The study will review details of the current COVID-19 Insurance Litigation in plain language, including the major elements of the dispute, the law as it relates to the actual insurance policy language.  At the outset the language seemed to clearly favor the Insurance Industry, backed by a long history of case law, but later it became open to question. It will examine the four important words common in Business Interruption Insurance Policies: “Physical Loss or Damage” which is required to trigger coverage. It will then discuss how the dispute might play out in the traditional legal process, and why this theatre should be avoided.

After doing so, this study observes that the Middlemen appear to entice Policyholders into suing the Insurance Industry in Aggregated Cases, like class actions, that combine groups of claims, to increase the Middlemen’s “take”, without corresponding incremental effort or expense. Some of these Middlemen appear to operate inconsistently with the interests of the Policyholders who would be significantly better off rejecting the opportunity to be part of an Aggregated Case, and instead, just sitting tight, protected by what are called “Tolling Agreements”, observing test cases from the sidelines and avoiding legal costs entirely.

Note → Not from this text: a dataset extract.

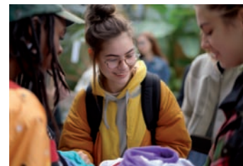
Kinder und Jugendliche bringen Kleidung mit und tauschen sie im Haus der Jugend gegen neue Lieblingsstücke.

Seit 2024 bietet das Jugendbildungswerk der Stadt Kleidertauschpartys für Kinder und Jugendliche im Haus der Jugend an.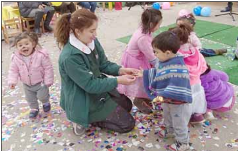
TRABAJO EN EQUIPO.- Las parvularias se recargaron el miércoles de trabajo, pero lo hicieron todas y con mucha alegría.

This study will conclude by offering a practical blueprint for a Disintermediated Solution to the COVID-19 Litigation Crisis based on a hypothetical $90,000 case. It will demonstrate how a simple solution can be implemented world-wide to more quickly end the burdensome COVID-19 Insurance Litigation that has turned into its own massive economic plague. Instead of wasting time navigating the painful legal process, and the prospect of courtrooms filled with angry people, the Insurance Industry and the Policyholders can shatter the faded mold and resume their “partnership”, end the Litigation Crisis and realize a better financial result, allowing the Policyholders to spend their time re-building their businesses and exploring a better life, and the Insurance Industry to serve its social purpose without distractions.

Shatter The Faded Mold

A Disintermediated Solution would be implemented by a Summit attended by Insurance Industry leaders and leaders from major trade groups that represent Policyholders from important business segments with COVID-19 related claims.  It would be led by an Administrator who is assisted by econometricians who will model various scenarios as well as other professionals.

Part One: The Disputes About Insurance Payments For COVID-19 Losses Began Quietly And Could Have Been Controlled.

Soon after the COVID-19 Pandemic “lock-downs” began in California on March 19, 2020, business owners began making light inquiries about whether their All-Risks Business Interruption Insurance Policies might cover their anticipated losses.  Policyholders were facing tragedies of all sorts.  The Insurance Industry’s position, while sympathetic towards the Policyholders, understandably discouraged them from making claims based on the then prevailing view of standard policy language and the coverage it afforded.